The UN has been proud to be a partner of the Chinese government in its rural poverty alleviation efforts over the last decades, and in recent efforts to contain the impact of COVID-19 on China’s poor people. We are committed to working side by side with our Chinese partners in designing support for the next phase of China’s poverty alleviation agenda, to protect the gains of the past and tackle a series of new and complex challenges.
The first challenge is the continued social and economic impact of COVID-19 on vulnerable Chinese population groups. Many, particularly the self-employed and workers in the informal and service sectors, a disproportionate number of whom are women, are still at risk of falling (or will have fallen) into poverty, even extreme poverty as defined by the current Chinese standard of 3,218 yuan ($478) per year.
Differentiated impact on different groups
The differentiated impact of both the lockdown and the recovery on different sectors of the economy and population groups is evident in recent data. A recent UN household survey in poor countries found that wage employees, who were already a relatively better protected group in terms of income security and access to social insurance, suffered a markedly smaller reduction in income than those in the informal sector.

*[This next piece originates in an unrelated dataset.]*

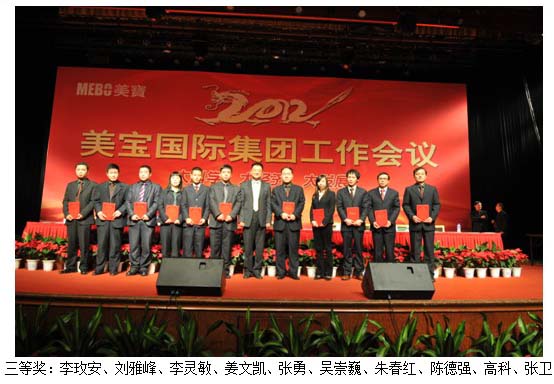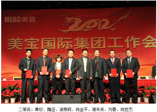 美寶燒傷創(chuàng)瘍集團(tuán)2011年度市場經(jīng)營業(yè)績表彰大會(huì)于2012年1月8日14:00在長安大飯店拉開帷幕。這次會(huì)議由燒傷創(chuàng)瘍集團(tuán)副總裁張坤主持,出席會(huì)議的有美寶國際集團(tuán)董事局主席徐榮祥、燒傷創(chuàng)瘍集團(tuán)總裁楊智斌及燒傷創(chuàng)瘍集團(tuán)全體人員,并由徐榮祥主席親自為所有獲獎(jiǎng)人員頒獎(jiǎng)。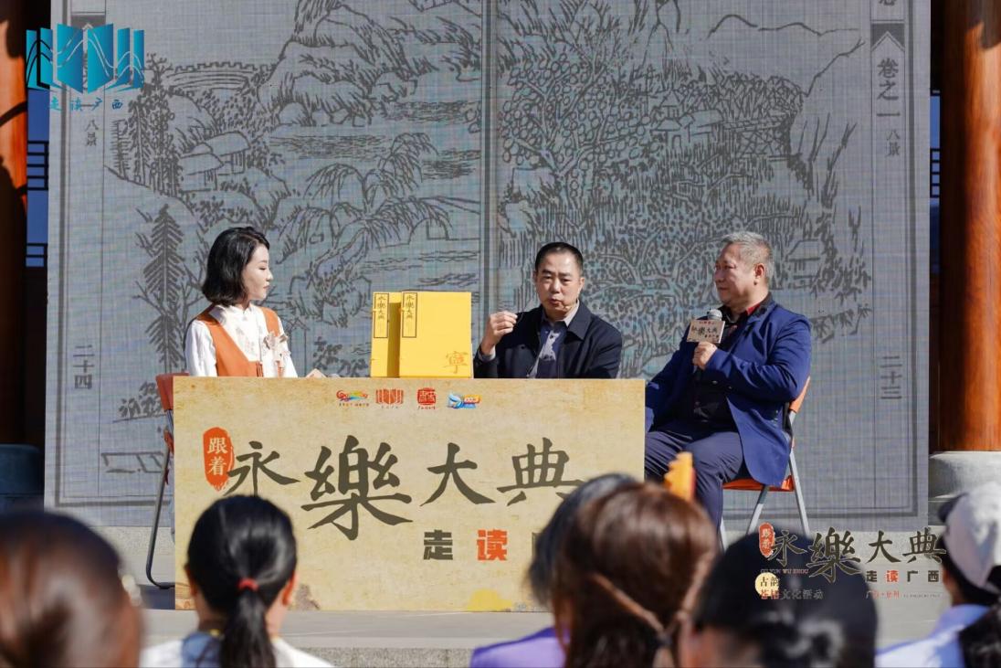 自今年7月起,广西壮族自治区图书馆以“珠还合浦 历劫重光——《永乐大典》的回归和再造”广西巡展为切入点,在自治区文化和旅游厅的指导下,策划并与广西广播电视台合作实施了“跟着《永乐大典》走读广西”系列文化活动。活动自“乐载邕州”在南宁启动,经“珠还合浦”“山水浔州”“宝藏龙城”,至“古韵苍梧”梧州收官,历经数月,先后在南宁、合浦、桂平、柳州、梧州开展五场重点文化活动及《永乐大典》主题活动若干,每场活动均结合活动举办地的相关典籍与文献,深入挖掘文献内涵,突出本地文化特色,因地制宜,确定不同的活动重点及形式,力求活动有新意、有创意、有诚意,得到了参加活动的读者高度肯定和好评,以及社会各界的广泛关注,对于推动中华优秀传统文化创造性转化、创新性发展,进一步丰富和满足人民群众的精神文化生活具有明显重要意义。

And whereas children in cities and from wealthier households were able to transition relatively smoothly to online classes, the survey found that for some poorer children in rural areas, the quality of schooling declined. These were children for whom prospects of high-quality education were already lower before this year; now they have fallen further behind their urban peers.
The second challenge is redefining poverty in ways that are most appropriate for post-2020 China: a majority urban country, with per capita GDP that exceeds $10,000; with differences between urban and rural areas, and within cities; and by factoring in non-income dimensions of poverty, such as access to good quality housing, healthcare and education that are at least as important as shortage of monetary income. The wording of SDG 1 is ambitious but unambiguous:”End Poverty in All Its Forms Everywhere.”
This is the goal the global community, including China, set for itself in 2015. Urban poverty is increasingly being acknowledged and addressed, alongside rural poverty. Application of the World Bank $5.50 a day (38.5 yuan a day) upper middle-income country poverty line can be considered, as well as relative poverty lines that capture internal inequality and multidimensional poverty definitions that look at the key non-monetary dimensions of well-being.
Poor most vulnerable to natural catastrophes
Third, ending overall poverty and fighting future pandemics (among other risks) will also depend on the ability to protect the environment and combat climate change. This is vital as many jobs especially in the agricultural sector, which still constitute 25 percent of all employment in China, depend on healthy ecosystems while it is the poor and near poor who are most vulnerable to the impact of natural catastrophes.
China’s experiences of the last 40 years, and especially during the targeted poverty alleviation program, provide ample reason for confidence in its capacity to realize an ambitious new post-2020 poverty agenda and to make an even greater contribution to the full realization of SDG 1 by 2030.
We at the United Nations in China congratulate the country on what has been achieved to date and extend our full support to future efforts in ending all forms of poverty, and ensuring that development is inclusive and sustainable for all people in China.